Posted to user@beam.apache.org by Ismaël Mejía <ie...@gmail.com> on 2020/02/04 17:23:14 UTC

Re: Kafka Avro Schema Registry Support

Support for Confluent Schema Registry was merged into KafkaIO today. You can
test it with tomorrow's snapshots (version 2.20.0-SNAPSHOT) or just when
2.20.0
gets released. Notice that this was already possible, but Alexey took care
of
making this more user friendly because this is (was) a frequently requested
feature by Kafka/Avro users.



On Fri, Sep 28, 2018 at 6:58 PM Raghu Angadi <ra...@google.com> wrote:

> Looks like your producer writing a Avro specfic records.
>
> Can you read the records using bundled console consumer?

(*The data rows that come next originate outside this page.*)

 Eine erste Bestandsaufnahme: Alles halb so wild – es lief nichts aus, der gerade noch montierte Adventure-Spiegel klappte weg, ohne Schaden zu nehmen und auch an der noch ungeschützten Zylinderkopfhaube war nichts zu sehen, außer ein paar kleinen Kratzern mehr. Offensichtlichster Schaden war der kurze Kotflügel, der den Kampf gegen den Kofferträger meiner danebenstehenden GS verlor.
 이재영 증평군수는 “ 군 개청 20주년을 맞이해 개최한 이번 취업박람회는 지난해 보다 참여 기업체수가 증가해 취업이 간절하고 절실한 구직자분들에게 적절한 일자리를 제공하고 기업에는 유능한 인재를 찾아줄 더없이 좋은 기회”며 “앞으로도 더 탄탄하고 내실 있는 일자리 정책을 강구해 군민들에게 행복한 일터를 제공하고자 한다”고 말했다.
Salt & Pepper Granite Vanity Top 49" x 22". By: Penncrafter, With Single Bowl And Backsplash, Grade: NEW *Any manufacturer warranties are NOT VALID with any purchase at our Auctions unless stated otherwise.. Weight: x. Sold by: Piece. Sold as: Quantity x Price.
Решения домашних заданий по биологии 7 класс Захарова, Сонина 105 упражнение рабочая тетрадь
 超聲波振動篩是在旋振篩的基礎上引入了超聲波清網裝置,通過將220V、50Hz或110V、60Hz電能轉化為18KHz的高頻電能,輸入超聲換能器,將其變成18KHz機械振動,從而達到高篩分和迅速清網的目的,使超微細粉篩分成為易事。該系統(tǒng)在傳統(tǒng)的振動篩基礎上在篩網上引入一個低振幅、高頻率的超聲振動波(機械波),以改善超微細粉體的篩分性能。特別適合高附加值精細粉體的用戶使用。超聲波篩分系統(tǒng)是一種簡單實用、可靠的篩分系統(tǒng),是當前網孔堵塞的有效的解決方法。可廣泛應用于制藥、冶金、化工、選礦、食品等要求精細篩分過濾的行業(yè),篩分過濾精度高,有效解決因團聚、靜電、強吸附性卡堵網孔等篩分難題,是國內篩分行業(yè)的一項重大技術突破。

I think it will
> be simpler for you to get it returning valid records and use the same
> deserializer config with your KafkaIO reader.
>
> On Fri, Sep 28, 2018 at 9:33 AM Vishwas Bm <bm...@gmail.com> wrote:
>
>> Hi Raghu,
>>
>> Thanks for the response.  We are now trying with GenericAvroDeserializer
>> but still seeing issues.
>> We have a producer which sends messages to kafka in format
>> <String,GenericRecord>.
>>
>> Below is the code snippet, we have used at Beam KafkaIo.
>>
>>      org.apache.avro.Schema schema = null;
>>         try {
>>             schema = new org.apache.avro.Schema.Parser().parse(new
>> File("Schema path"));
>>         } catch (Exception e) {
>>             e.printStackTrace();
>>         }
>>         KafkaIO.Read<String, GenericRecord> kafkaIoRead =
>> KafkaIO.<String, GenericRecord>read()
>>
>> .withBootstrapServers(bootstrapServerUrl).withTopic(topicName)

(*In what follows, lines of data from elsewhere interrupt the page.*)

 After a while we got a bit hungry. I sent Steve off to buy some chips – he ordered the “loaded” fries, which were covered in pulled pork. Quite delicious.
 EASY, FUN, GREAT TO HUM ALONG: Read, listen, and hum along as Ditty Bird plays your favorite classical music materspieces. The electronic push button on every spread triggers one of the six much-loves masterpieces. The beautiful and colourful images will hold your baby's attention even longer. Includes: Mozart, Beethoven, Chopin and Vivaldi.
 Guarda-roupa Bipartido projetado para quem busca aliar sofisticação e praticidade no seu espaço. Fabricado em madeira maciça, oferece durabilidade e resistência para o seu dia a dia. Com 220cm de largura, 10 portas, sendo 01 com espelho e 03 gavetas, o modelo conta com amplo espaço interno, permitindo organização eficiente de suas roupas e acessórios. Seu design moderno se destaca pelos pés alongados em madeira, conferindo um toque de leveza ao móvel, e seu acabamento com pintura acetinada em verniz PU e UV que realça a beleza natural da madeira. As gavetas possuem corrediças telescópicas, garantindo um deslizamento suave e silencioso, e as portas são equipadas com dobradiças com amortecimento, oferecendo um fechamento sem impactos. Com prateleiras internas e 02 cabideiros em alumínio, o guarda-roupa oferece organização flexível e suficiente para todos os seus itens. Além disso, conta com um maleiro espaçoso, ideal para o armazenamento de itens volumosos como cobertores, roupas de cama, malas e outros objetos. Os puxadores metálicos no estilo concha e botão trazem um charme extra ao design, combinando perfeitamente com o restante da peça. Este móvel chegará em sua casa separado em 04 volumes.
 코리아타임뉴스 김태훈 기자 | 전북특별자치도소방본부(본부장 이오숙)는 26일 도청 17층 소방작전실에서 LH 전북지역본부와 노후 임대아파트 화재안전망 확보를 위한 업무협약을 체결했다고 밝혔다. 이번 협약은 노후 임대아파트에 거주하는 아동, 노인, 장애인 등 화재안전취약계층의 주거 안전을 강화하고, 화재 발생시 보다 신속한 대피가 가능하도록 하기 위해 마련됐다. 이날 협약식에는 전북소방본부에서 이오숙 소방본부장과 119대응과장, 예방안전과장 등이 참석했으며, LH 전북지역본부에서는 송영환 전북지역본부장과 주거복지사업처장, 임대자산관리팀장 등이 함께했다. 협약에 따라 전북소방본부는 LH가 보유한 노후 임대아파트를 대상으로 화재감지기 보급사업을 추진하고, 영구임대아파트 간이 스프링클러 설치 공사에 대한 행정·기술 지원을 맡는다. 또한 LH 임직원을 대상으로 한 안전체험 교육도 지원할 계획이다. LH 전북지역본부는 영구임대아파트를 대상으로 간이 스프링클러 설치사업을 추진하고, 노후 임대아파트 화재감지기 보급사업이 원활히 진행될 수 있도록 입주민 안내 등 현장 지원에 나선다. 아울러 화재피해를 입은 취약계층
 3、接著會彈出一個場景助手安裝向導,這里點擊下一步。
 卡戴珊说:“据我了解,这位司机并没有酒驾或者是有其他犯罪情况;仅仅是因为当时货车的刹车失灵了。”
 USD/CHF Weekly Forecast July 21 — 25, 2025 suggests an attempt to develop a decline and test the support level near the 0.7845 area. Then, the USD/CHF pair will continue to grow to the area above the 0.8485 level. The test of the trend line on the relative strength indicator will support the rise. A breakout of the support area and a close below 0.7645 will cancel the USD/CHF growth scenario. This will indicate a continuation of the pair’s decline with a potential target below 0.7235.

>>                 .withKeyDeserializer(StringDeserializer.class)
>>
>> .withValueDeserializerAndCoder(GenericAvroDeserializer.class,
>> AvroCoder.of(schema))
>>
>> .updateConsumerProperties(ImmutableMap.of("schema.registry.url", schemaUrl))

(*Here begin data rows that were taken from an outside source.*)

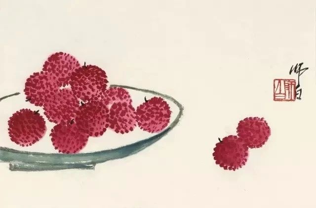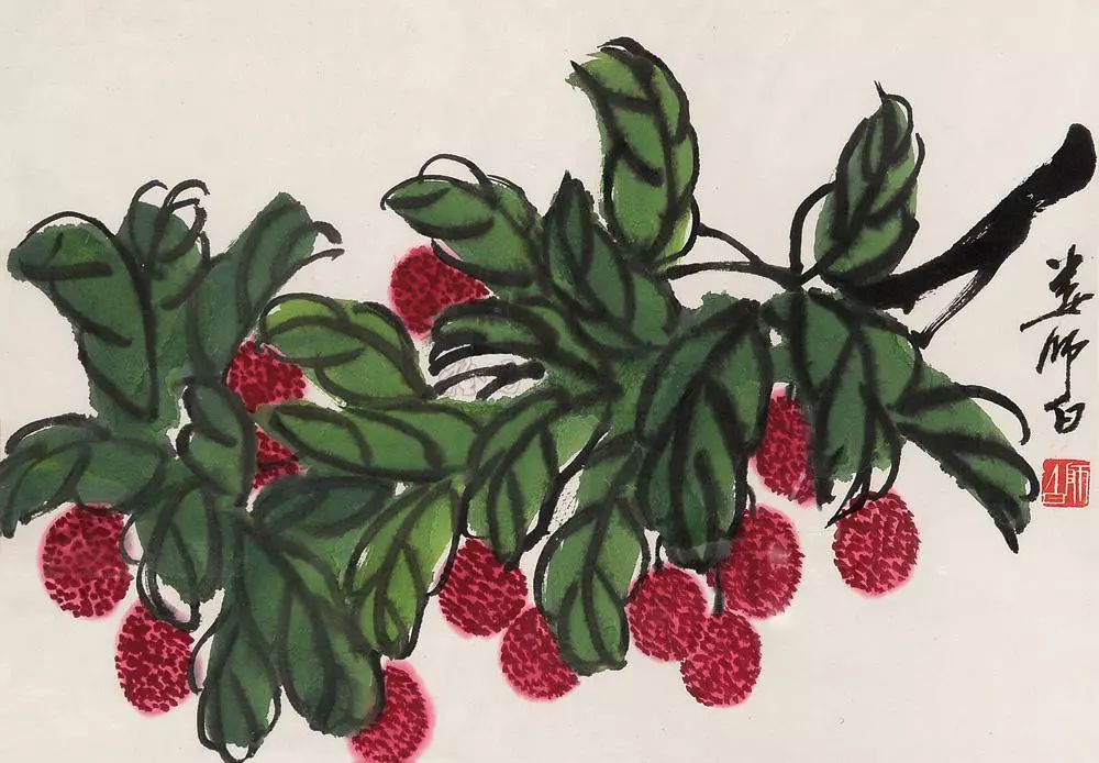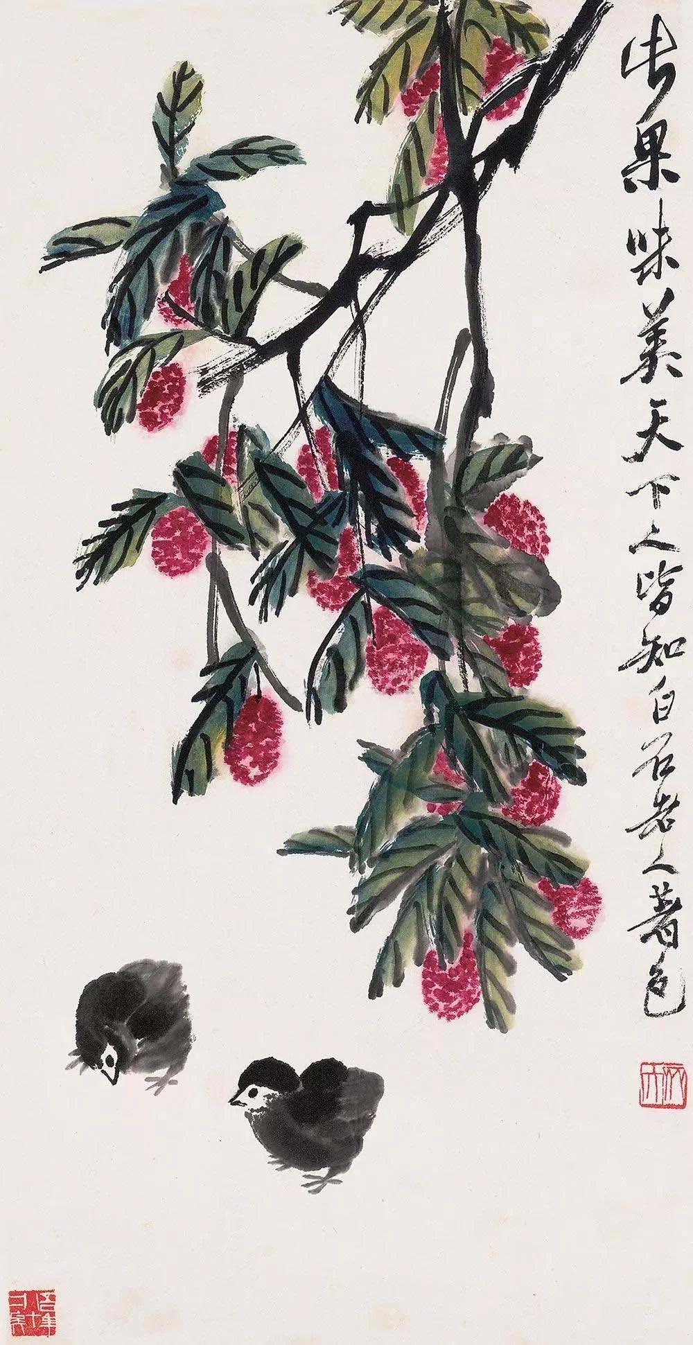 时光流转,来到近现代,齐白石先生的荔枝图便展现出截然不同的风格。他笔下的荔枝,寥寥几笔,便勾勒出果实的饱满圆润,或与小鸡相伴,构成一幅生机盎然的小品;或单独成画,以其独特的红、绿、黑三色,营造出一种朴实而充满趣味的意境。那鲜艳欲滴的色彩,似乎都能闻到荔枝的甘甜。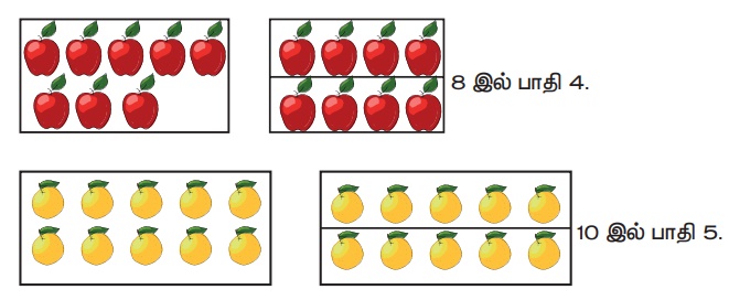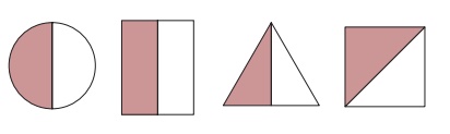 மேற்கண்ட ஒவ்வொரு படமும் இரண்டு சமபாகமாக பிரிக்கப்பட்டுள்ளன. அதில் ஒரு பாகத்திற்கு வண்ணமிடப்பட்டுள்ளது. ஒவ்வொரு பாகமும் "அரைப்பாகம்" ஆகும்.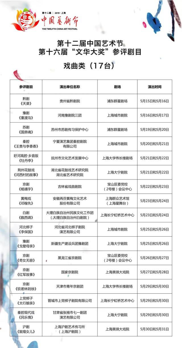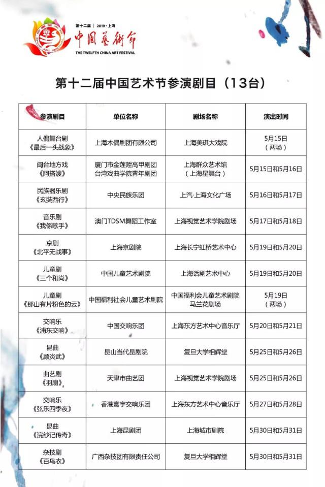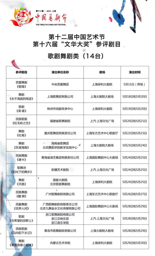 第十二屆中國藝術節51臺演出劇目日程公布啦,近日,參加第十二屆中國藝術節的51臺劇目演出日程正式公布。值得一提的是,經過業界專家、協會以及港澳臺地區推薦的13臺劇目也將在本屆藝術節集中亮相參演,為廣大觀眾帶來精彩紛呈的演出。

>>                 .withTimestampPolicyFactory((tp, prevWatermark) -> new
>> KafkaCustomTimestampPolicy(maxDelay,
>>                         timestampInfo, prevWatermark));
>>
>> Below is the error seen,
>>
>> Caused by:
>> avro.shaded.com.google.common.util.concurrent.UncheckedExecutionException:
>> org.apache.avro.AvroRuntimeException: Not a Specific class: interface
>> org.apache.avro.generic.GenericRecord
>>         at
>> avro.shaded.com.google.common.cache.LocalCache$Segment.get(LocalCache.java:2234)
>>         at
>> avro.shaded.com.google.common.cache.LocalCache.get(LocalCache.java:3965)
>>         at
>> avro.shaded.com.google.common.cache.LocalCache.getOrLoad(LocalCache.java:3969)
>>         at
>> avro.shaded.com.google.common.cache.LocalCache$LocalManualCache.get(LocalCache.java:4829)
>>         at
>> org.apache.avro.specific.SpecificData.getSchema(SpecificData.java:225)
>>         ... 8 more
>> Caused by: org.apache.avro.AvroRuntimeException: Not a Specific class:
>> interface org.apache.avro.generic.GenericRecord
>>         at
>> org.apache.avro.specific.SpecificData.createSchema(SpecificData.java:285)
>>         at
>> org.apache.avro.reflect.ReflectData.createSchema(ReflectData.java:594)
>>         at
>> org.apache.avro.specific.SpecificData$2.load(SpecificData.java:218)
>>         at
>> org.apache.avro.specific.SpecificData$2.load(SpecificData.java:215)
>>         at
>> avro.shaded.com.google.common.cache.LocalCache$LoadingValueReference.loadFuture(LocalCache.java:3568)
>>         at
>> avro.shaded.com.google.common.cache.LocalCache$Segment.loadSync(LocalCache.java:2350)
>>         at
>> avro.shaded.com.google.common.cache.LocalCache$Segment.lockedGetOrLoad(LocalCache.java:2313)
>>         at
>> avro.shaded.com.google.common.cache.LocalCache$Segment.get(LocalCache.java:2228)
>>
>>
>> Can you provide some pointers on this.
>>
>>
>> *Thanks & Regards,*
>>
>> *Vishwas *
>>
>>
>>
>> On Fri, Sep 28, 2018 at 3:12 AM Raghu Angadi <ra...@google.com> wrote:
>>
>>> It is a compilation error due to type mismatch for value type.
>>>
>>> Please match key and value types for KafkaIO reader. I.e. if you have
>>> KafkaIO.<KeyType, ValueType>read().,  'withValueDeserializer()' needs a
>>> class object which extends 'Deserializer<ValueType>'. Since
>>> KafkaAvroDeserializer extends 'Deserializer<Object>', so your ValueType
>>> needs to be Object, instead of String.
>>>
>>> Btw, it might be better to use GenericAvroDeseiralizer or
>>> SpecificAvroDeserializer from the same package.
>>>
>>>
>>> On Thu, Sep 27, 2018 at 10:31 AM Vishwas Bm <bm...@gmail.com> wrote:
>>>
>>>>
>>>> Hi Raghu,
>>>>
>>>> The deserializer is provided by confluent
>>>> *io.confluent.kafka.serializers* package.
>>>>
>>>> When we set valueDeserializer as  KafkaAvroDeserializer.  We are
>>>> getting below error:
>>>>    The method withValueDeserializer(Class<? extends
>>>> Deserializer<String>>) in the type KafkaIO.Read<String,String> is not
>>>> applicable for the arguments
>>>>  (Class<KafkaAvroDeserializer>)
>>>>
>>>> From the error, it looks like beam does not support this deserializer.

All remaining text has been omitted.